Herpes Zoster Vaccine for Bone Marrow Transplant donors

This investigator driven pilot study aims to determine whether vaccination of stem cell donors with Zostavax can reduce the rate of Herpes Zoster reactivations in transplant recipients. As we know, infection is a leading cause of morbidity among allogenic transplant patients. Varicella zoster virus reactivation is one of the commonest infections occurring following allogeneic transplant. Primary varicella infection in transplant recipients can cause serious widespread and sometimes fatal viral infection. Reactivation of Varicella known as herpes zoster or shingles can cause rash and severe prolonged pain known as neuralgia. Shingles typically presents as a localised skin rash. The most common complication of shingles is postherpetic neuralgia (PHN). Individuals who suffer from PHN report constant burning, throbbing, and intermittent sharp or electric shock-like pain. In a patient already recovering after chemoradiotherapy, primary varicella infection, shingles and PHN can markedly impair quality of life. ZOSTAVAX vaccine has been approved in Australia for the prevention of shingles and its complications in people 50 years of age and older. The purpose of the study is to find out whether vaccination of stem cell donors with Zostavax can reduce the infection rate of shingles in transplant recipients.
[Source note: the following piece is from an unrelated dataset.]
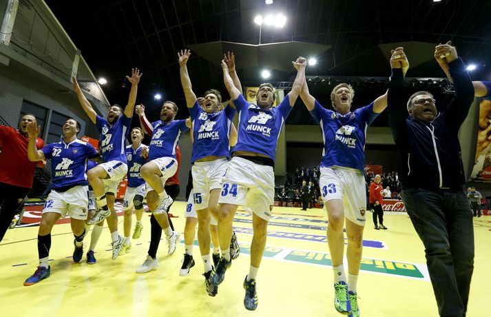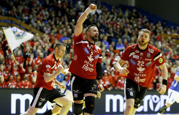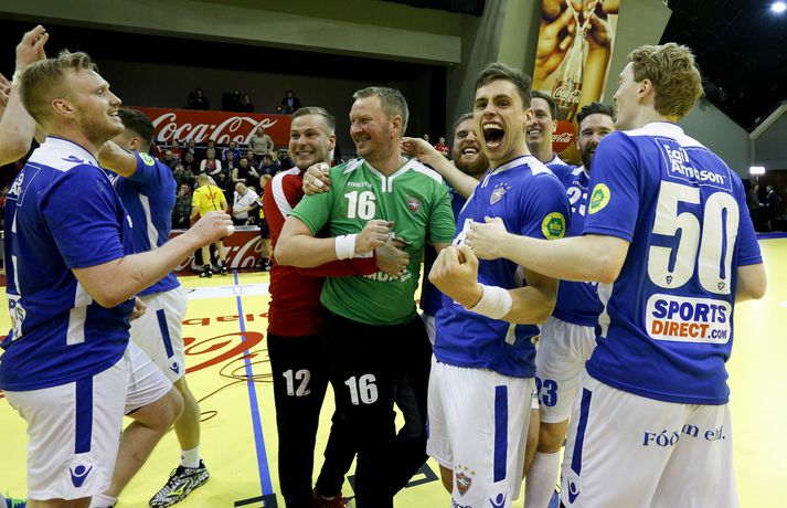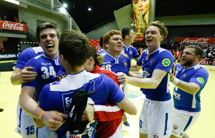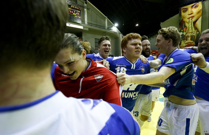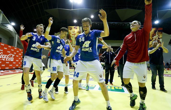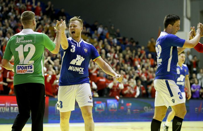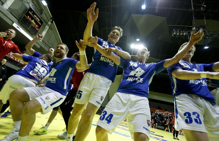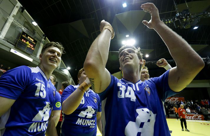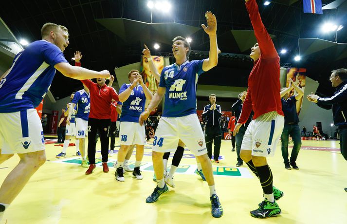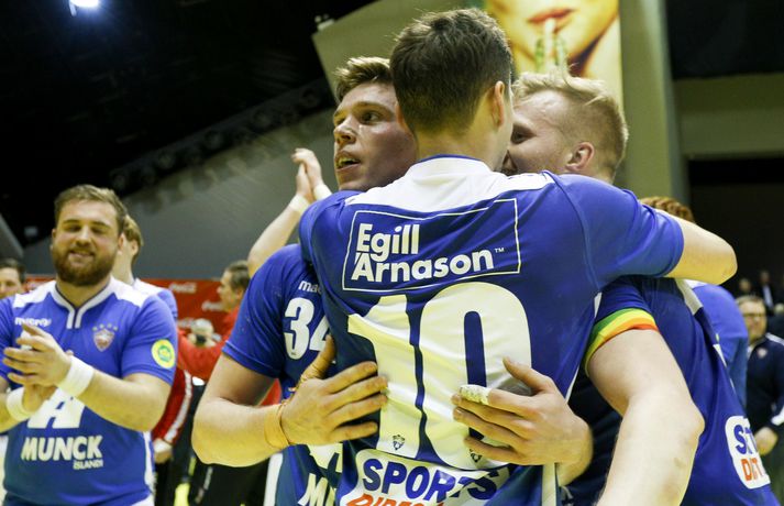 Anton fagnar með félögum sínum.vísir/andri marinó

We hypothesise that boosted immunity in these donors may transfer to recipients at the time of stem cell infusion and reduce the rate of shingles after transplant. Normal donors (Stem Cell Donors) over the age of 50 years will be eligible to receive the vaccine. Donors will receive vaccination once only by the subcutaneous route and be followed up for 1 week for any adverse reaction. We would report any adverse event among the stem cell donor related to vaccine to the Therapeutic Goods Administration via the "Blue Card" . Stem Cell recipients will be followed up for 12 months after their transplant.